Signs of a slowdown in the U.S. labor market are raising concerns ahead of the release of nonfarm payrolls data. The latest job openings report fell short of expectations, marking one of the first signals of weakening employment.
Job Openings Below Expectations
In July, U.S. job openings came in at 7.18 million, below the market expectation of 7.4 million.
- This marks only the second time in the post-pandemic period that the figure has dropped below 7.2 million.
- The last time it fell lower was in September 2024, when openings stood at 7.1 million.
- During the early pandemic shock, job openings had plunged below 5 million.
- In the recovery period, job postings surged to nearly 12 million, hitting historic highs.

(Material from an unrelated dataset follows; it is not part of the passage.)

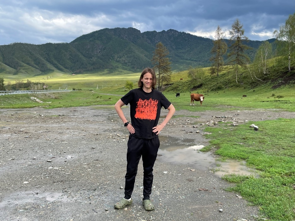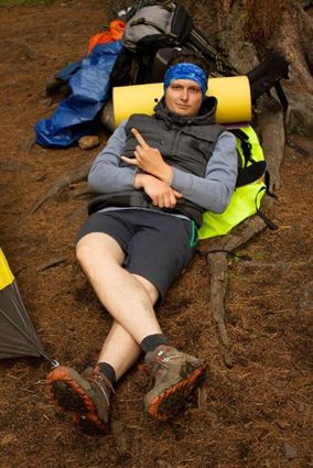 Этот человек достоин отдельного рассказа) Парню 27 лет, он из Нижнего Новгорода. Егора я приметила еще в самолете просто потому, что к нему подкатил другой парень, слегка не в себе, он ко всем цеплялся, что меня немного напрягло, но без агрессии с его стороны. Егор прилетел на Алтай один, как он сам сказал, «за красивыми видами». Но мне почему-то кажется, что не только за этим. Он мужественно боролся с собой, карабкаясь с гору, не останавливался, когда было особенно тяжело, когда не хватало воздуха и, казалось, легкие сейчас выпрыгнут их горла. Егор приехал испытать себя, нет так ли?)) «Всем привет, я Егор»,– сказал он, откинулся в кресле, заткнув уши наушниками и завалился спать). Позже выяснилось, что Егор купил и тут же забыл дома налобный фонарик.. Хорошо, что по пути в магазине нашелся подходящий, и нам не пришлось еще куда-то заезжать. Егор выглядел по началу немного неуклюжим, xenm полноватым, высоким и безалаберным. Человек в целлофановом фиолетовом дождевике, рваном, но зашитом «наживую»)) Егора все время теряли, ждали, немного подтрунивали над ним, но всегда по-доброму) Но все это время он излучал позитив, проявлял самоиронию и прекрасное чувство юмора) Позднее, разговорившись с ним, я узнала, что он получил высшее образование в Университете НН (не помню точное название) по специальности что-то связанное с программным обеспечением БЛА. Сейчас работает в IT. Он ломал ВСЕ cвои конечности) 2 раза на физре, а один раз прыгнув с крыши бани в замёрзший сугроб)) Человек-катастрофа, но при этом умный, начитанный с отличным музыкальным вкусом и чувством юмора.

Cracks Emerging in the Labor Market
Heather Long, chief economist at Navy Federal Credit Union, told CNBC that the labor market is now showing signs of real weakness:
“These data show we’re at a turning point for the job market. Cracks are now visible. The labor market has cooled, even frozen… It’s very hard to find a job in the U.S. right now.”
Critical for the Fed’s Decision
Tomorrow’s August nonfarm payrolls report will play a key role in shaping the Fed’s September 17 rate decision.
- Expected job gains: 78,000
- Unemployment rate: seen rising from 4.2% to 4.3%
If the report confirms labor market weakness, the Fed may be more inclined toward an interest rate cut.